Goal of the exercise -> Leaving out pictures, output exactly the lines below from the one that has "The Key to Disneyland" through the one that has "Norfolk, Wilmington and", and nothing else.

Material provided ->
------------------------------------------------
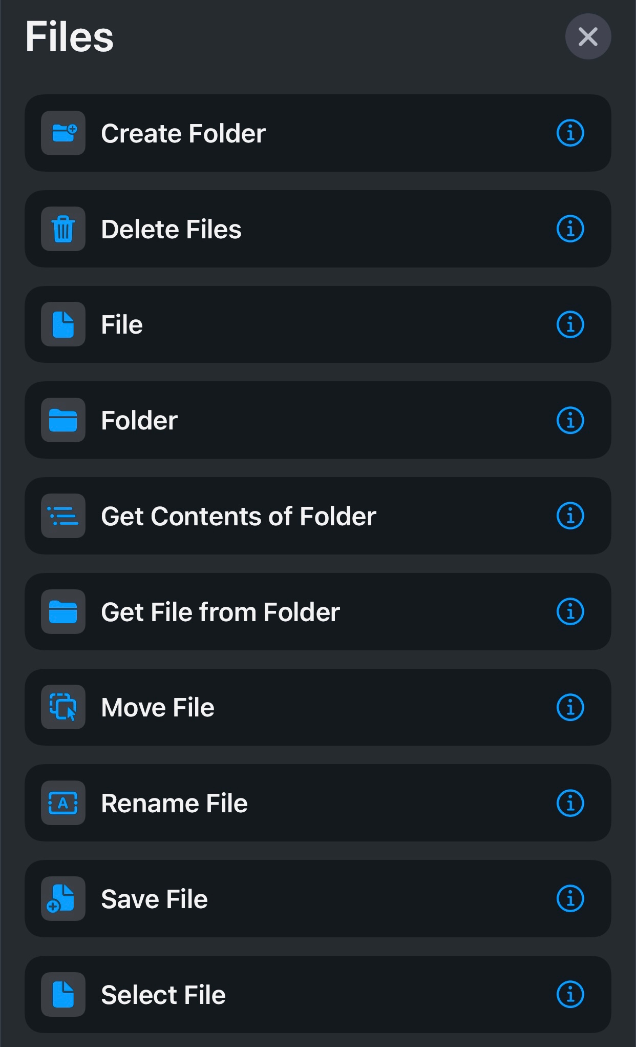 Martin ~ A custom shortcut in Apple's Shortcuts app may do what you want. It has several File actions:
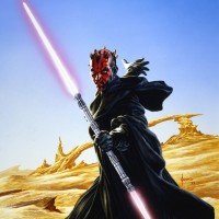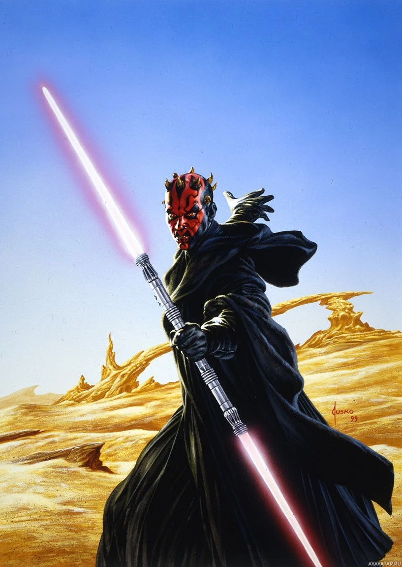 a sandy terrain, reminiscent of scenes from Tatooine or other desert-like environments in the series. Maul is dressed in his signature black and red armor with
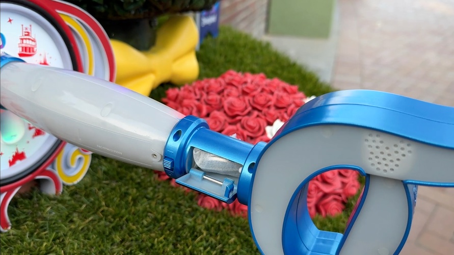 The Key to Disneyland features an on/off slider on the back, and two buttons on the edge of the handle. One allows you to cycle through the colorful lands you’ve collected, while the other turns on the corresponding sound. At launch, it plays Walt Disney’s full dedication to Disneyland speech (“To all who come to this happy place, welcome…").
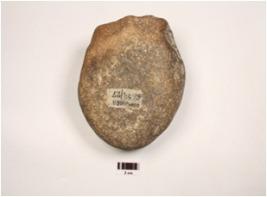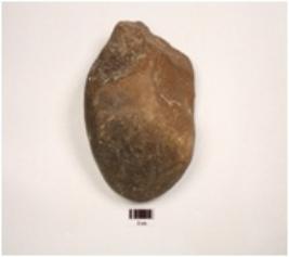 | Description / विवरण | Chopper made on quartzite pebble, broad cutting edge, u-shaped butt-end, flake scars on dorsal and ventral sides. |
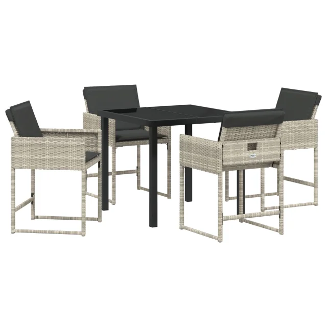 vidaXL 5-delni vrtni jedilni set z blazinami svetlo siva poli ratan
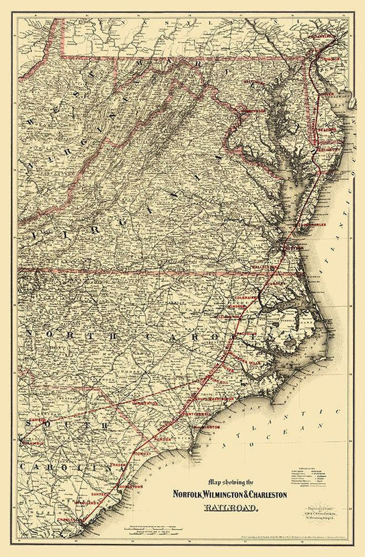 Norfolk, Wilmington and Charleston Railroad 1891 White Modern Wood Framed Art Print with Double Matting by Colton
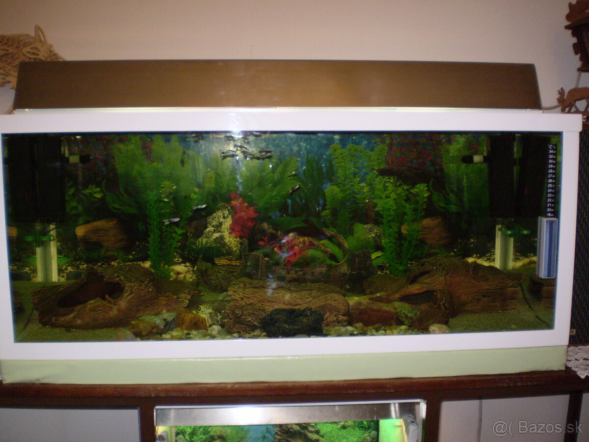 Predám 100cmx40cmx40cm - 160litrový akvárium vložený do hliníkového rámu.Predám zariadený akvárium ako je na fotkách komplektne s príslušenstvom -svetlo,filtre,dekorácie,rybičky atd....Akvárium je 5x vrstvou silikonu pretesnený a potom vložený do hliníkového rámu.Medzera medzi sklom a rámom je vyplnená - utesnená silikonom. Nevedeli sme lepšie fotky spraviť.Inzerát je platný do zmazania/okres Nové Zámky/N.t.č.0908464142 Pozrite si aj moje ďalšie inzeráty.
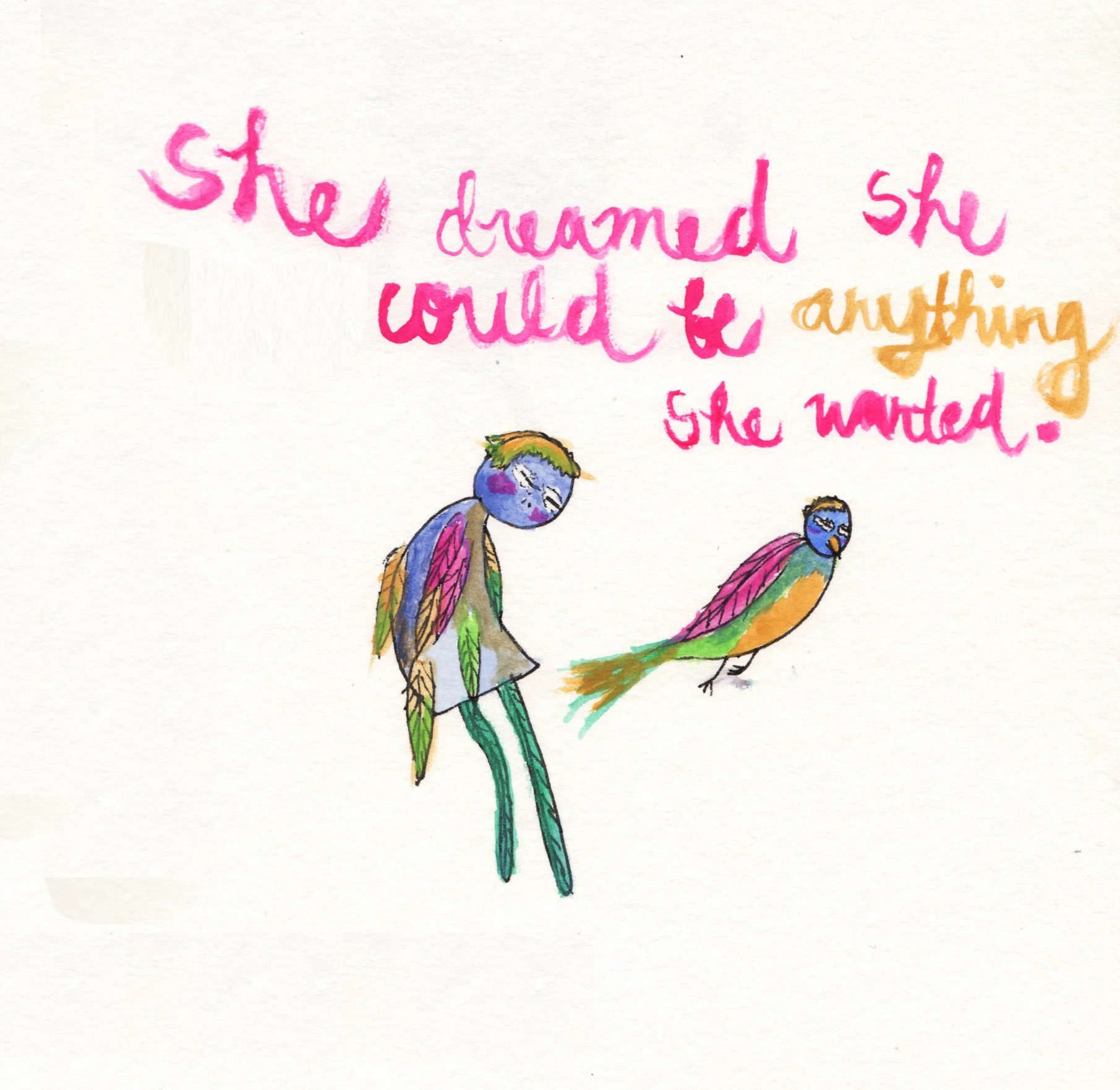 Being a kid usually means feeling limitless possibilities. When children hear that they can be anything they want when they grow up, they don't just hear a doctor or an actor or a fireman (or firewoman), they hear a dog, a plane, a bird, the sun...This little sketch was inspired by that, when the boundary between magic, imagination and reality are still beautifully blurred by innocence.
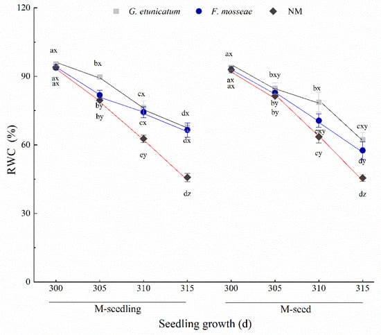Relative water content (RWC) of C. migao seedlings under 6 different treatments. Different lowercase letters (x, y, z) in the same d of seedling growth (x-axis) indicate the results of Tukey’s post hoc test (p < 0.05) between treatments. Other different letters (a, b, c, d) indicate significant differences between different stages under the same treatment (p < 0.05). NM, non-AMF plants; G. etunicatum, plants inoculated with G. etunicatum; F. mosseae, plants inoculated with F. mosseae; M-seedling, inoculated by the seedling method; M-seed, inoculated by the seed method. Values are expressed as the mean ± SE (n = 6, which are treatment replicates).
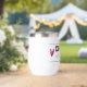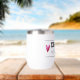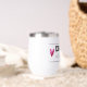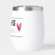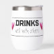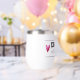 Designed with type, “DRINKS well with others”, is inside a ruled banner with two hearts, on either end. This quote makes this stemless wine tumbler a perfect birthday gift.
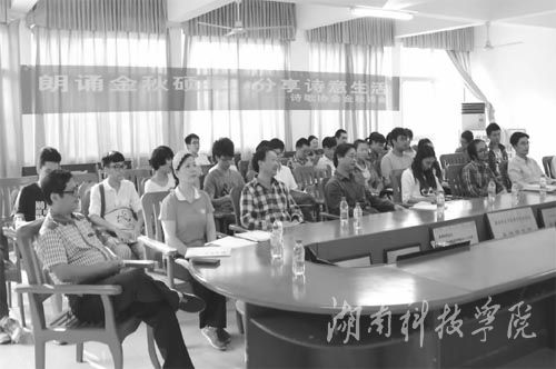 10月10日下午,拼搏在线(中国)唯一官方网站诗歌协会与潇湘诗社联合举办“朗诵金秋硕果,分享诗意生活”金秋诗会。诗友们朗诵了各自得意之作,意境之美,让人回味无穷。图为诗会活动现场。 本报记者 李丽 摄
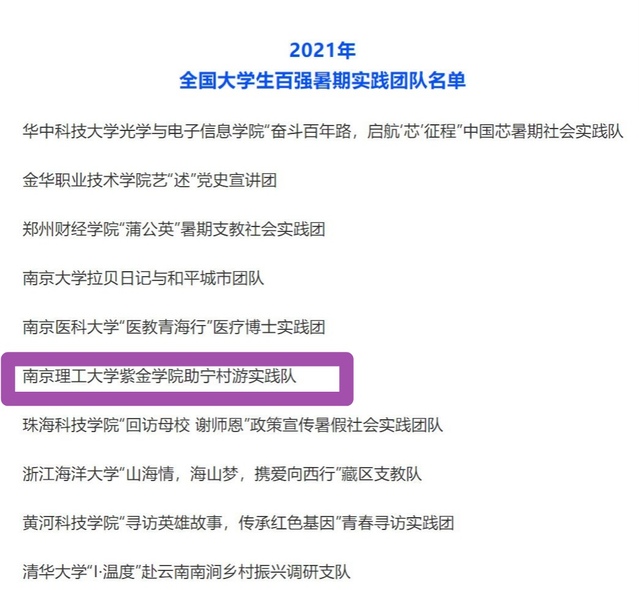 近日,中国青年报社联合全国千所高校开展的第七届寻找“全国大学生百强暑期实践团队”活动公布了全国最佳实践大学,全国最佳/优秀/百强暑期实践团队名单。此次百强暑期实践团队活动共评选最佳实践团队10个,优秀实践团队30个,百强实践团队60个。我校“助宁村游实践队”荣获2021全国大学生优秀实践团队。
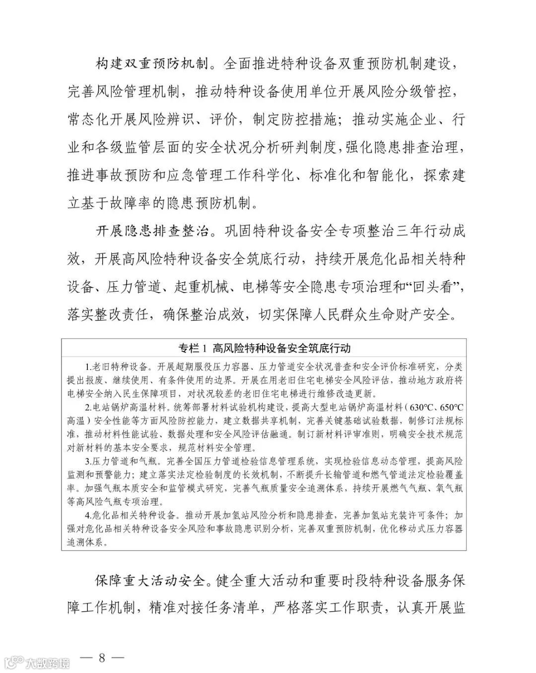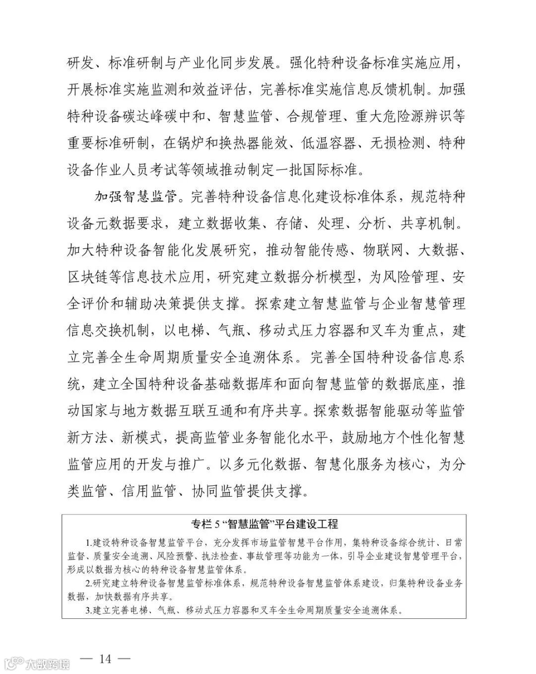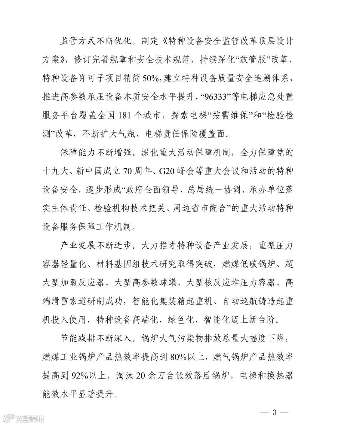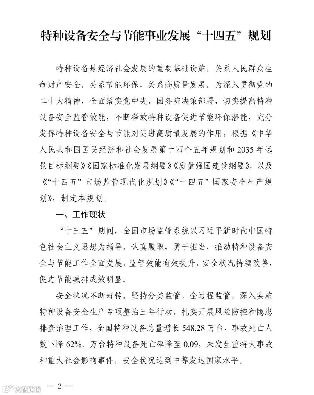 《规划》主要目标提出,培育一批特种设备跨国企业,打造一批有国际影响力的检验检测机构,创建10个以上特种设备产业集聚区,推动特种设备重点产品进出口总额增长5%以上。
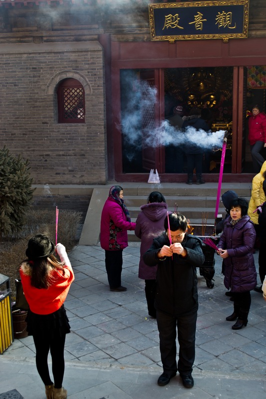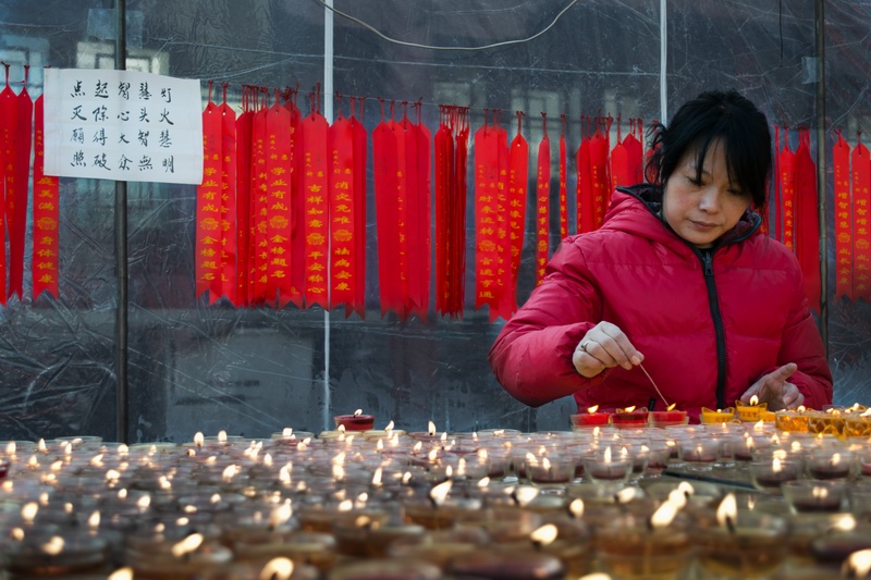 正月初一,朝阳关帝庙一位游客点燃祈福的佛灯 。
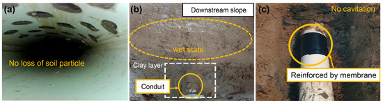 In the condition reinforced by a geomembrane (Case 1—Reinforcement), no soil loss or erosion occurred inside or outside the conduit, as shown in Figure 4a,b. However, a wide wet area in a loose state was observed on the downstream slope, as shown in Figure 4b. This indicates that the seepage line inside the embankment was formed on the top of the clay layer. These results show that the clay layer was functioning normally, but it should be noted that over a long period of time, structural defects occurred in the conduit, and a potential failure might form in the downstream slope.
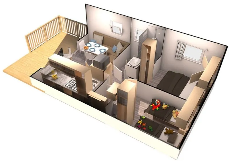 ภายในบ้านถูกจัดเป็นสัดส่วน อย่างเหมาะสม ประกอบไปด้วย ห้องนอน ห้องรับแขก ห้องครัว ห้องน้ำ ผู้เขียนคิดว่าเป็นการวางแบบได้อย่างมีระบบ ชอบมากๆ ครับ พูดแล้วก็อยากได้สักหลัง สังเกตุได้ครับว่าบ้านหลังนี้ถึงแม้จะเป็นบ้านโมบายหลังเล็กๆ แต่ว่าจัดแบบได้อย่างครบครัน อาศัยได้อย่างมีความสุข ไม่ต่างจากบ้านหลังใหญ่เลยล่ะ
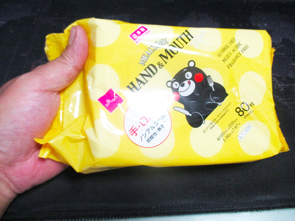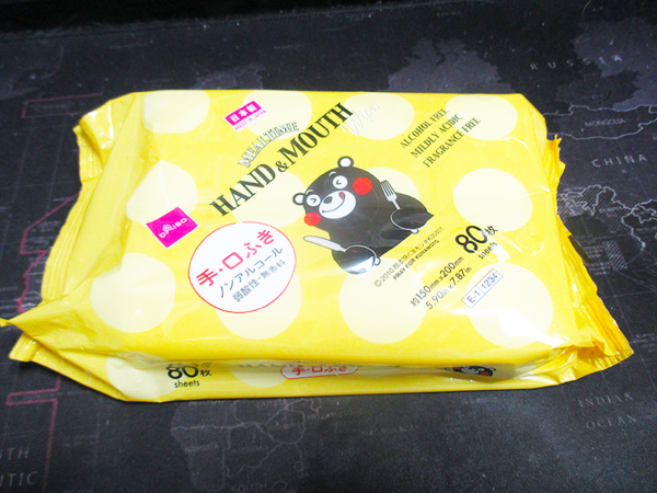 ダイソーで購入した「くまモン手ふき・口ふき ウェットティッシュ 80枚」のレビューをお届けします。
------------------------------------------------
Response ->
 The Key to Disneyland features an on/off slider on the back, and two buttons on the edge of the handle. One allows you to cycle through the colorful lands you’ve collected, while the other turns on the corresponding sound. At launch, it plays Walt Disney’s full dedication to Disneyland speech (“To all who come to this happy place, welcome…").
 | Description / विवरण | Chopper made on quartzite pebble, broad cutting edge, u-shaped butt-end, flake scars on dorsal and ventral sides. |
 vidaXL 5-delni vrtni jedilni set z blazinami svetlo siva poli ratan
 Norfolk, Wilmington and Charleston Railroad 1891 White Modern Wood Framed Art Print with Double Matting by Colton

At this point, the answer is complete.